EDUCAÇÃO

Fim de festa

Sandra Hahn / Publicado em 24 de setembro de 1999

Cinco entidades públicas estão finalizando uma parceria que deverá limitar bastante o acesso de crianças e adolescentes a bebidas alcoólicas no Rio Grande do Sul. Liderados pela Coordenadoria das Promotorias da Infância e Juventude, os organismos prometem fiscalizar com rigor os comerciantes e punir os que venderem álcool a menores de idade. Para agir de forma coordenada, redigiram um termo de compromisso de integração. Quando estiver assinado, até o final de setembro, o documento definirá a rotina de ação dos fiscais.

“É uma preocupação com a saúde pública”, afirma a coordenadora das Promotorias da Infância e Juventude, Júlia Martins. A promotora deu os primeiros passos na direção de coibir a oferta de álcool aos jovens a partir da denúncia do pai de um estudante em Porto Alegre. Ele ficou surpreso ao saber que a sala de aula de seu filho de 11 anos tinha sido visitada por promotores de uma festa estudantil. O evento tinha como atrativo a bebida “liberada”. Júlia lembra que vender para menores de idade substâncias capazes de causar dependência é crime – antes era contravenção – desde a criação do Estatuto da Criança e do Adolescente (ECA), há nove anos.

Mesmo assim, a infração ao artigo 243 do ECA, que fixa a proibição, é bastante comum (veja quadro). E agora será fiscalizada de perto. A operação vai envolver as promotorias da infância e juventude, as promotorias criminais, a Brigada Militar, a Secretaria Municipal daIndústria e Comércio e o Departamento Estadual para a Criança e o Adolescente. Apena para quem descumprir o artigo 243 é prisão de seis meses a dois anos e multa. Os comerciantes que reincidirem no crime poderão perder suas licenças de funcionamento.

Os adolescentes têm tanta facilidade de comprar bebidas alcoólicas quanto de comer um hambúrguer. O acesso sem restrições está refletido nos levantamentos sobre consumo. Na capital gaúcha, 81% dos estudantes dos níveis básico e médio já tinham ingerido álcool pelo menos uma vez, conforme pesquisa feita em 1993. Outros 70% tinham feito uso nos 12 meses que antecederam a entrevista (veja quadro). “O álcool está muito introjetado em nossa cultura”, aponta a psicóloga Sílvia Koller. “Quem não bebe é assediado por quem bebe”, acrescenta Sílvia, doutora em educação e professora do pós-graduação em Psicologia do Desenvolvimento na Ufrgs (Universidade Federal do Rio Grande do Sul).

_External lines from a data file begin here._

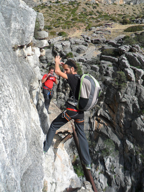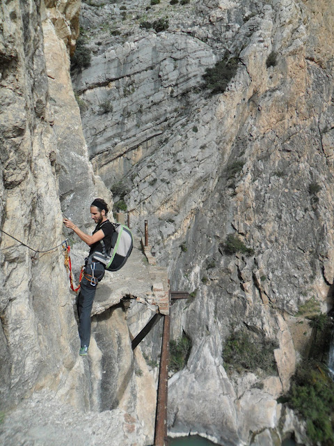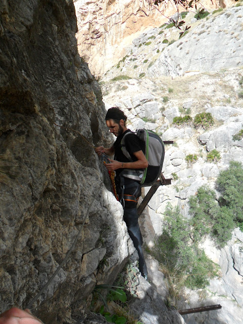 Paso complicado en el segundo cañon, todo el cañon sin cable de seguridad exceptuando algunos pasos malos, en este caso no había cable, instalados por alguien.
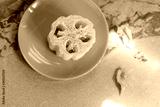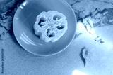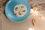 Luffa sponge on a ceramic blue trowel. Background sand and craft paper.
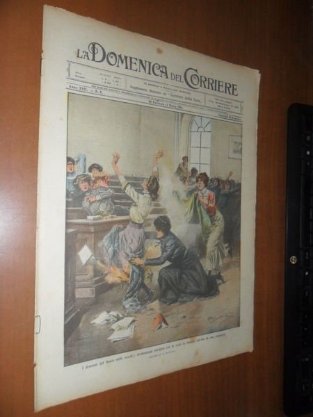DESCRIZIONE: Domenica del Corriere, Milano, Anno XIII n. 9 (26 Febbraio-5 Marzo 1911). COPERTINA: "I drammi del fuoco nelle scuole: studentessa parigina con le vesti in fiamme salvate da una compagna." (dis. A. Beltrame) RETRO: "Tesori nascosti: contadino abruzzese che disseppellisce un'anfora ricolma di antiche monete d'oro." (dis. A. Beltrame) CONDIZIONI: Buone. Senza spille e sovraccoperta, alcune macchiette. PESO / WEIGHT: 100 gr. without package
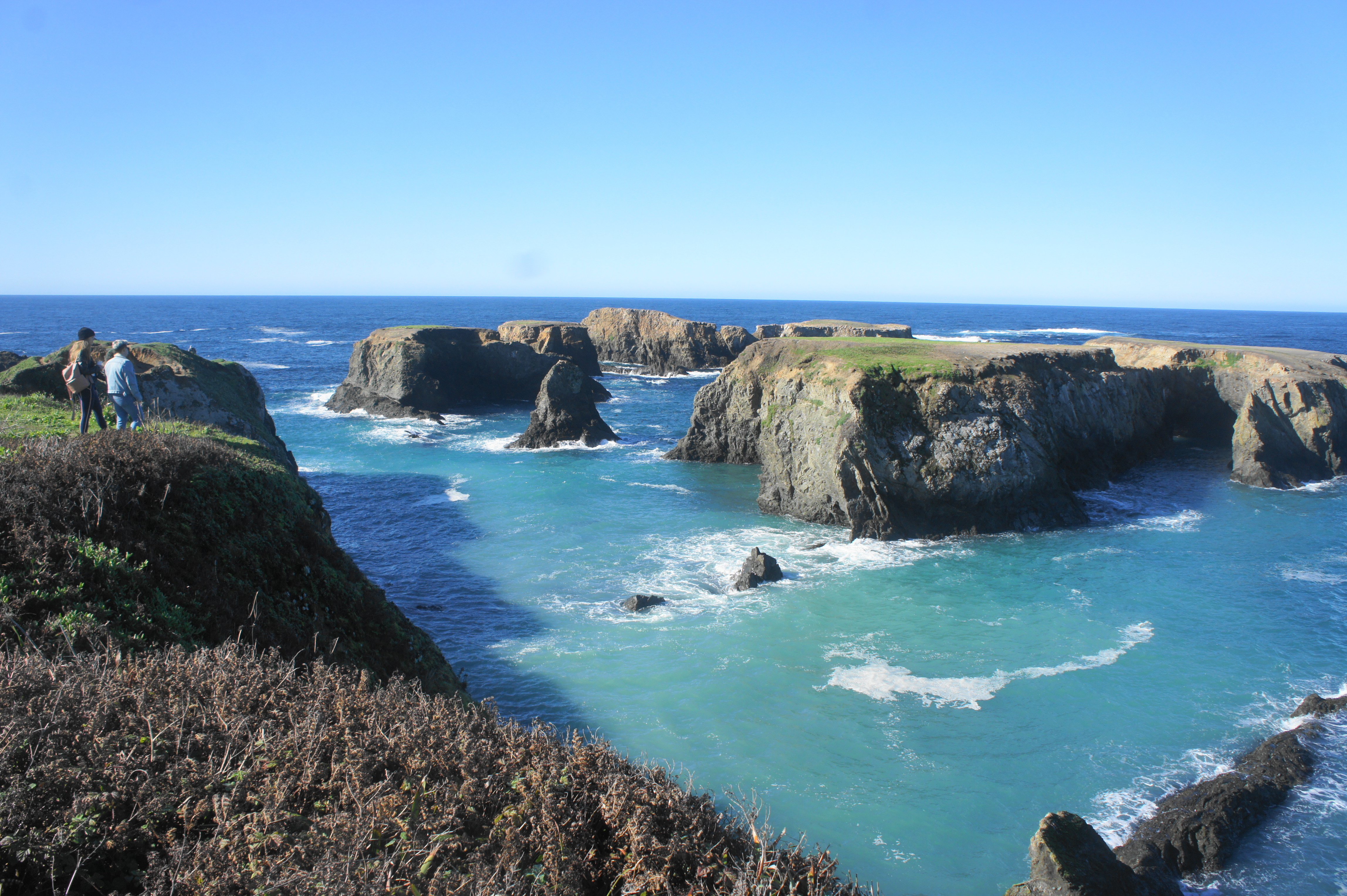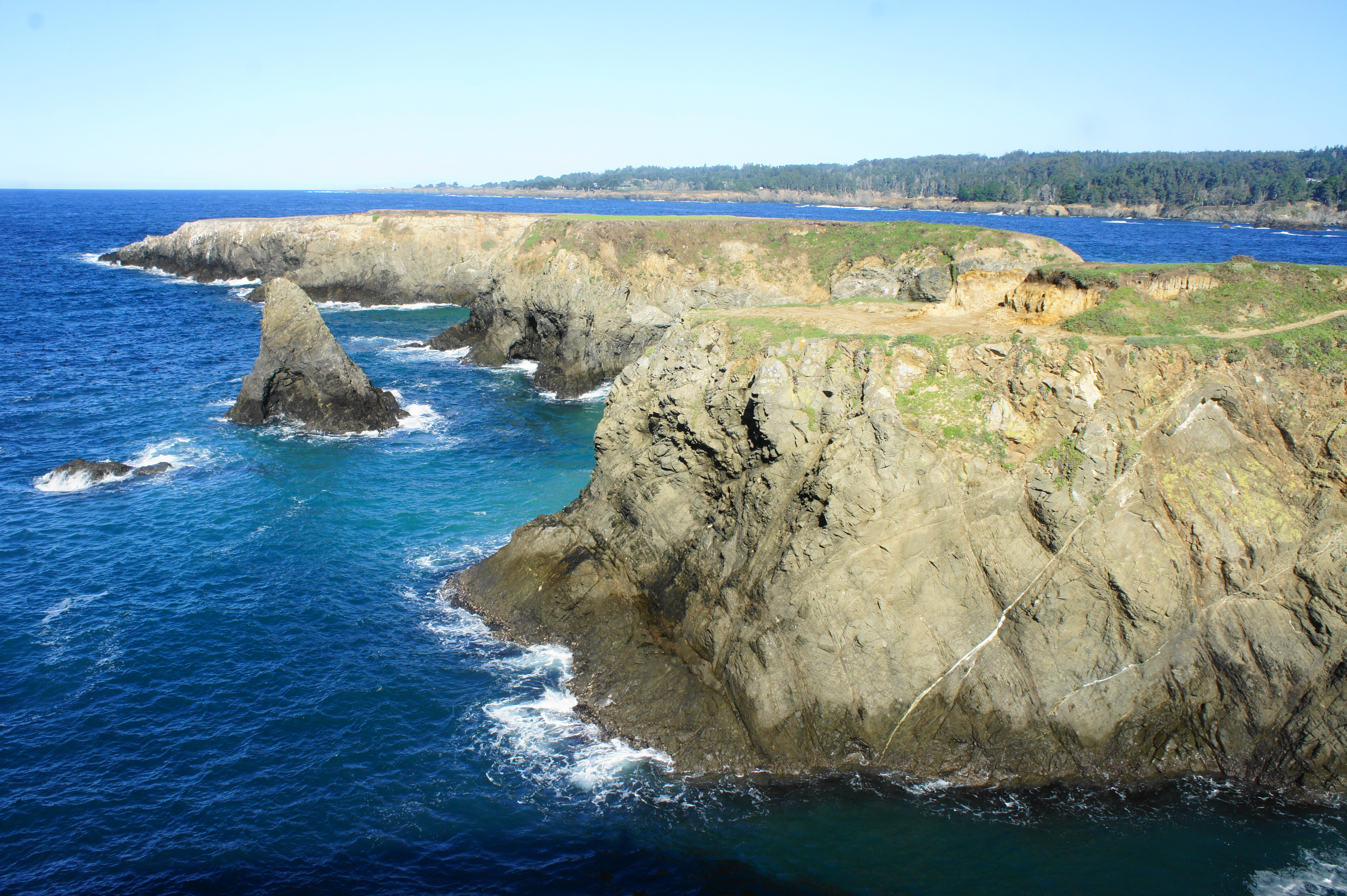 After peering over the edge for your first glimpse, bear right on a faint but well-trodden trail hugging the cliffside as it bounds westward. After traversing the open scrub for 1/10 mile, the Mendocino Headlands Trail reaches a second, pine-studded viewpoint at ¼ mile. From here one can see west to a pair of blocky islands, followed by the exposed peninsula of Point Mendocino, which hikers will reach shortly.
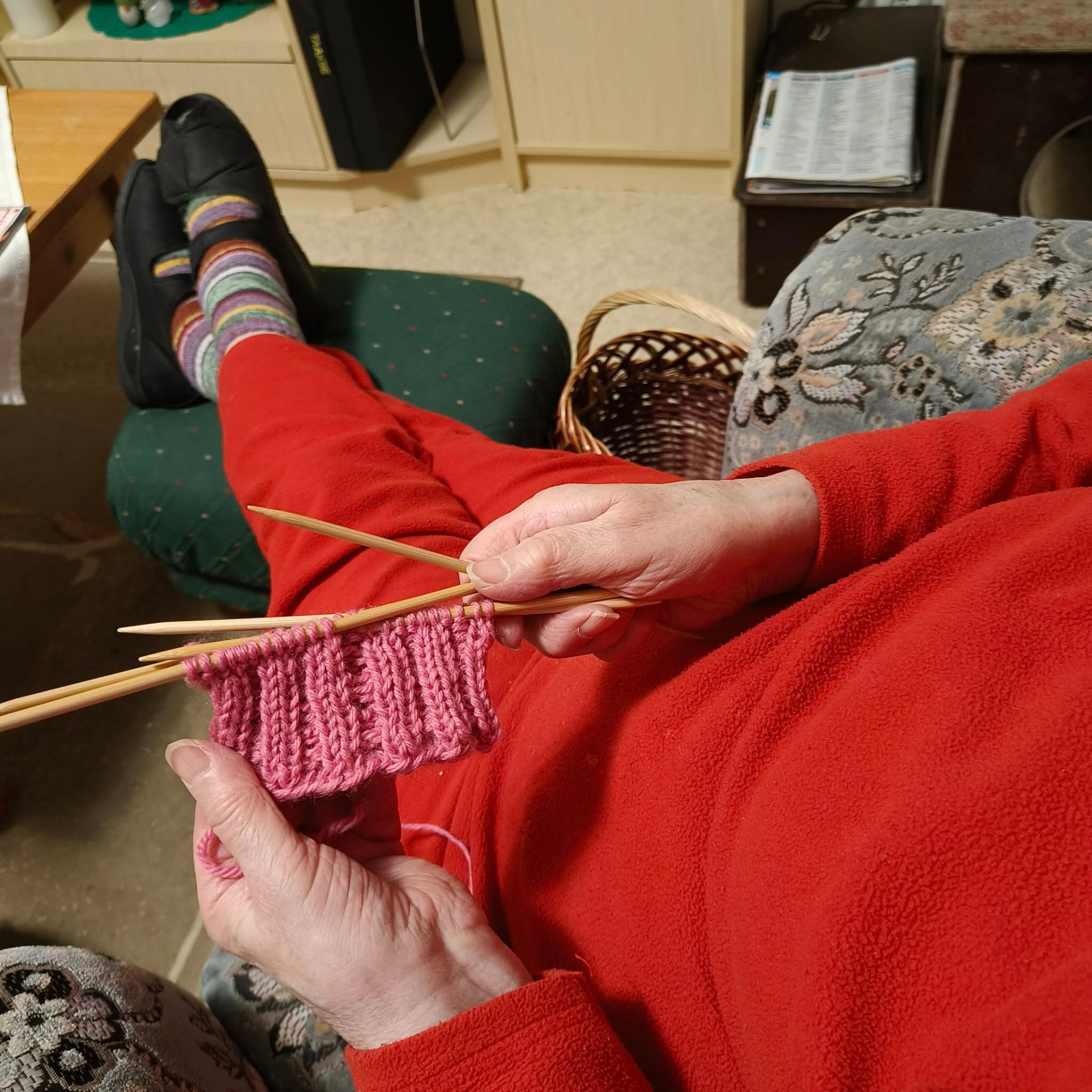 Autoin häntä silmukoiden luomisessa, ja siinä miten työ etenee kerros kerrokselta. Vaikka neulominen ei enää sujunut aivan entiseen tapaan, hetki oli lämmin ja merkityksellinen. Valmiit säärystimet kertovat nyt sekä äidin sitkeydestä että meidän yhteisestä tekemisestämme – pienestä, mutta tärkeästä muistosta, joka lämmittää sekä jalkoja että mieltä.
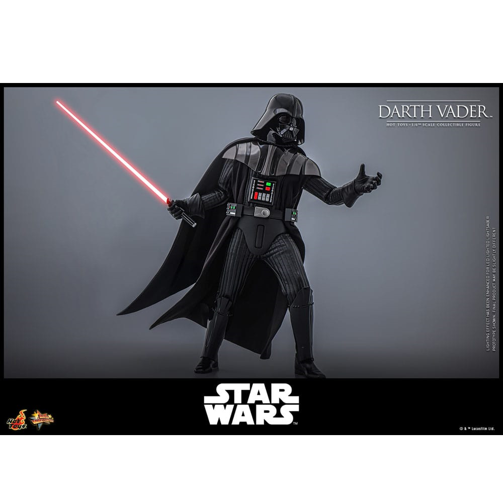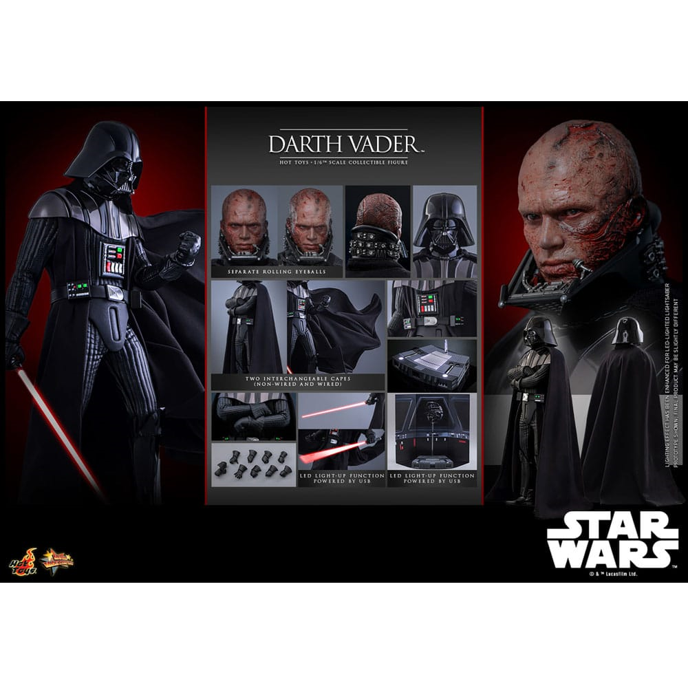 Zoek je de ultieme Darth Vader action figure uit Star Wars: Episode III Revenge of the Sith? Dan is deze Darth Vader Movie Masterpiece van Hot Toys de juiste keus! Darth Vader komt met helm zodat je hem met of zonder helm kunt poseren. Zijn beide ogen zijn indidivueel van elkaar te bewegen en zijn hoofd is tot in extreem detail nagemaakt. Zijn lightsaber, borstkast paneel en luxe standaard zijn allemaal voorzien van LED verlichting. Daarnaast worden er twee capes meegeleverd waarvan 1 wired is zodat je meer poseermogelijkheden krijgt. Ook worden er extra handen meegeleverd.
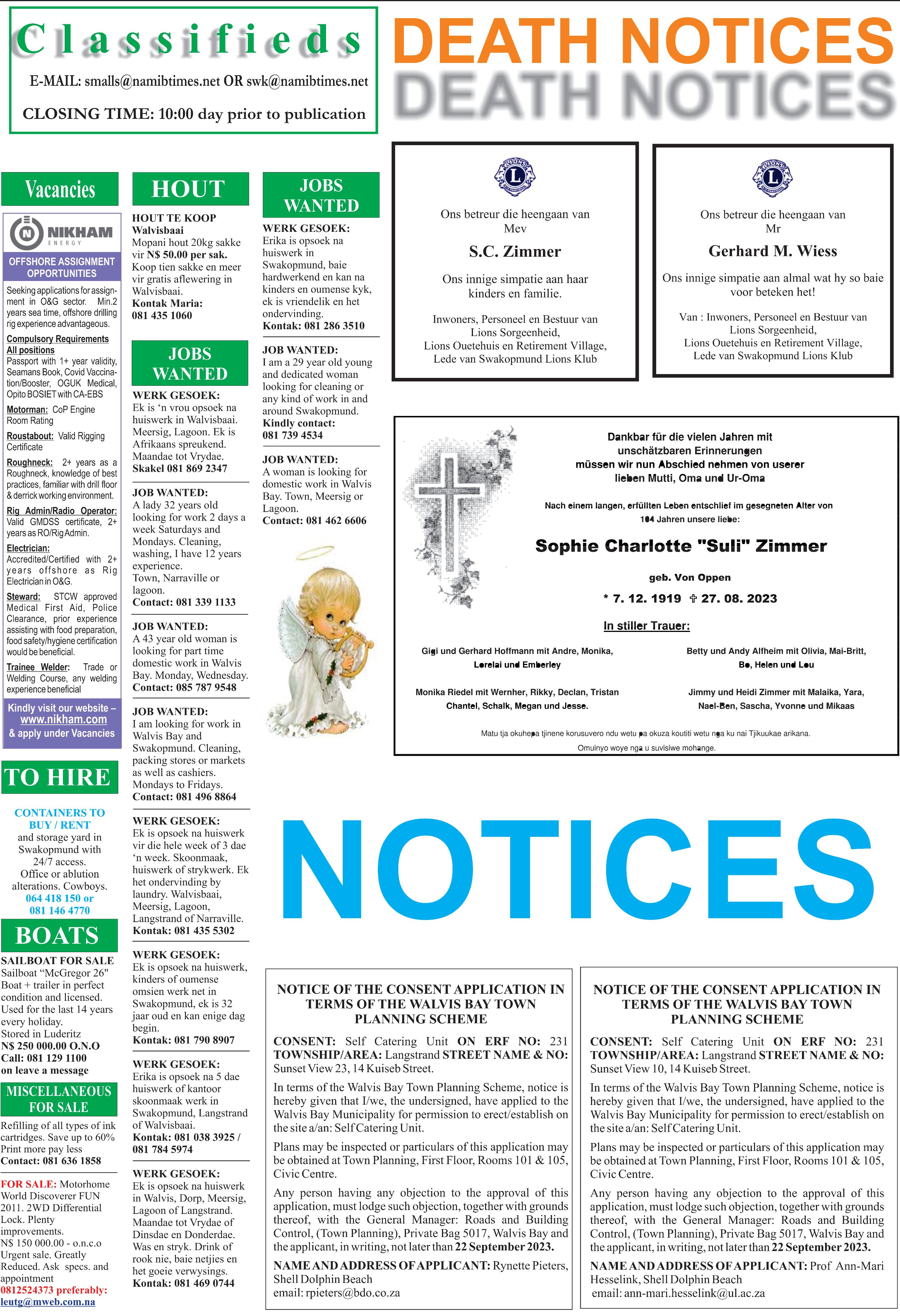 namibtimes Tel: +264 64 - 205854 / +264 64 - 461866 /Fax: +264 64 - 204813 / 064 - 461824 / Website: www.namibtimes.net SERVING THE COASTAL COMMUNITY SINCE 1958 NO 7031 FRIDAY 1 SEPTEMBER 2023 N$6 inside
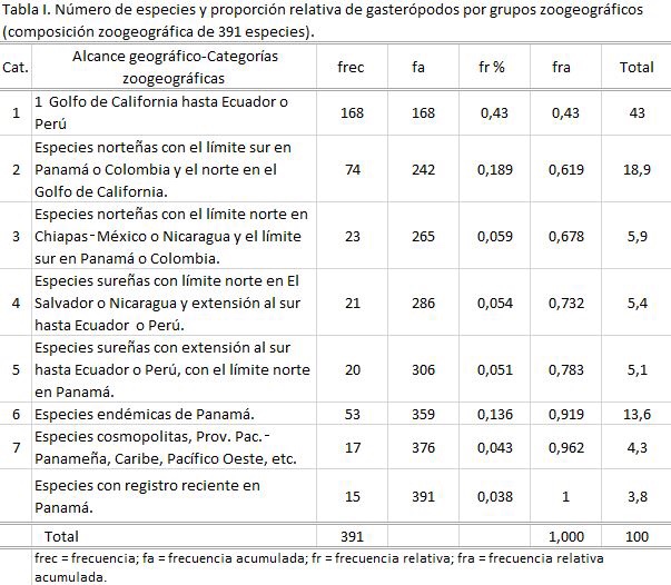 Las categorías zoogeográficas tratadas se ven justificadas por el número de especies de cada una y los límites establecidos para las mismas. De los gasterópodos, 170 especies (43,5%) y 68 de bivalvos (30%) tienen su límite norte o sur en Panamá o son endémicas de sus costas (véanse las tablas I y II). A su vez, 168 especies de gasterópodos se distribuyen por toda la provincia PacíficoPanameña, representando el 43% del total, menos del 50% considerado en la justificación de los límites de las provincias malacológicas, en tanto que los bivalvos reúnen esta condición (58,3%). Entre las categorías zoogeográficas, las especies norteñas prevalecen frente a las sureñas (101 especies de gasterópodos frente a 41 y en los bivalvos 41 ante 34).

A psicóloga é contra a venda de bebidas alcoólicas e cigarros a menores de idade e aplaude o rigor na fiscalização. “Beber socialmente não é coisa para adolescente”, sustenta. Sílvia explica que o consumo faz mal à saúde e o álcool relaxa a censura, estimulando atitudes de risco (como sexo sem proteção, por exemplo). “Os adolescentes têm senso de desafio. O álcool entra como forma de encorajá-los”, descreve. A melhor saída para os pais, aconselha Sílvia, é falar dos riscos aos filhos e fixar limites ao que eles podem fazer. Além dos pais, o problema também intranqüiliza as escolas particulares de Porto Alegre. Todas elas assinaram um documento enviado à promotora Júlia Martins pedindo orientações sobre sua conduta diante da exposição dos estudantes a bebidas alcoólicas. A promotoria vai recomendar limitações à propaganda de bebidas nas festas escolares e alertar para o crime da comercialização aos menores.

“O alerta é justo”, afirma a presidente do Grêmio Estudantil do Colégio Rosário, Patrícia Inglêz de Souza Machado, 16 anos. “O Grêmio apóia diversas campanhas e, se for comunicado, também vai se envolver nesta”, prevê. Para Patrícia, o cigarro está sendo visto como algo ruim, mas o álcool é associado a festas e às vezes encarado como diversão. “Fica mais difícil de demonstar os riscos da dependência”, avalia. Algumas instituições de ensino já adotaram limitações. Na Ufrgs, a venda de álcool nos bares foi proibida. Na PUC (Pontifícia Universidade Católica), a comercialização está vetada nos diretórios estudantis, mas liberada nos restaurantes. A PUC criou há quatro anos o programa Vida com Qualidade, que alerta para os riscos do consumo de drogas.

“A preocupação com o álcool é grande, pois é lícito e abre a porta para outras drogas”, afirma a pró-reitora de assuntos comunitários, Laury Garcia Job. “A gente pensa que as pessoas sabem bastante sobre Aids e álcool, mas elas têm muita dificuldade”, relata a pró-reitora. Todos os calouros têm contato com o programa, que explica até mesmo os detalhes legais de quem é preso portando drogas.